Storage module: Consist of multiple set of machines. Each set consist of multiple machine (either physical / virtual) that serves as Data node and has some Agents running along. Normally, a Set has one primary data node and 2 secondary data nodes. The Agent’s job is to monitor the health of Data nodes, report heartbeat to ZooKeeper in Management module.
Management module: Includes:
- the Scheduler cluster to execute planned cluster-management tasks (such as add more storage nodes, switch traffic to another replica,…)
- ZooKeeper to coordinate scheduler tasks status / data and receives the report from Agents in Storage module
Compute Module: The SQL-facing layer of TDSQL. It receives client connections, check permissions, parses SQL, decides which shard should handle the request, and coordinates distributed execution when multiple shards are involved.

High availability means a system can continue serving requests even when some machines or components fail. In a database system, this usually means the database should remain available when a primary node crashes, a disk fails, or a network issue happens.

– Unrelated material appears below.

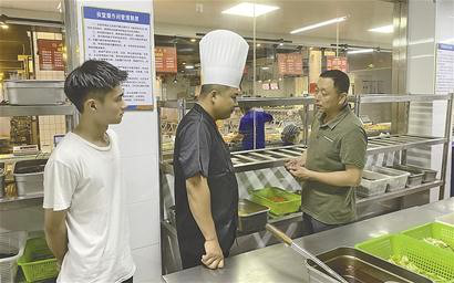 圖為監(jiān)管人員檢查學(xué)校食堂。
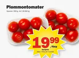 | Plommontomater 500 g | Pekås | 19,99 kr | 23 februari 2026 | 01 mars 2026 | |||

A common way to achieve high availability is replication. Instead of storing data on only one node, the system keeps multiple copies of the data.

Logical Replication vs Physical Replication:

Logical Replication records high-level change events, indicating what change was made. The replica reads the change and applies the same change locally. The main point is that the physical location of data on the replica does not need to match the primary. They only need to agree on the logical change.
Physical replication records storage-level changes rather than SQL-level changes. A physical log record usually points to the storage unit being modified, such as a tablespace and page number, and describes the redo operation that should be applied to that page. Therefore, the replica does not need to re-execute SQL or locate the row by itself. It simply replays the same physical log stream from the primary. In this sense, physical replication is closer to crash recovery than normal SQL replication: given the same base data files and the same ordered log records, the replica should reach the same physical state as the primary.

MySQL uses logical replication using the binlog file, the file is maintained per storage node which introduces following problems:

fsync calls: In MySQL’s binlog-based replication, each storage node maintains two durability paths: the InnoDB redo log for crash recovery and the MySQL binlog for replication. These two logs must be coordinated carefully during commit; otherwise, the primary and replicas may observe different transaction histories after a crash. As a result, a transaction may require two durable flushes: one for the redo log and one for the binlog. Since each flush usually involves an expensive fsync, this adds latency to the commit path, especially in write-heavy workloads
fsync is expensive because it forces the database to wait until the log is physically persisted to storage. A normal write() may only place data in the OS page cache, but fsync() creates a durability barrier and waits for the SSD/disk to confirm persistence. Therefore, if a distributed transaction requires two durable state transitions, prepare and commit, it may need two fsync calls, which adds significant latency to the commit path.
binlog contention: Each data node only has one binlog file, so there’s likely contention when multiple large transactions want to write to that file at the same time.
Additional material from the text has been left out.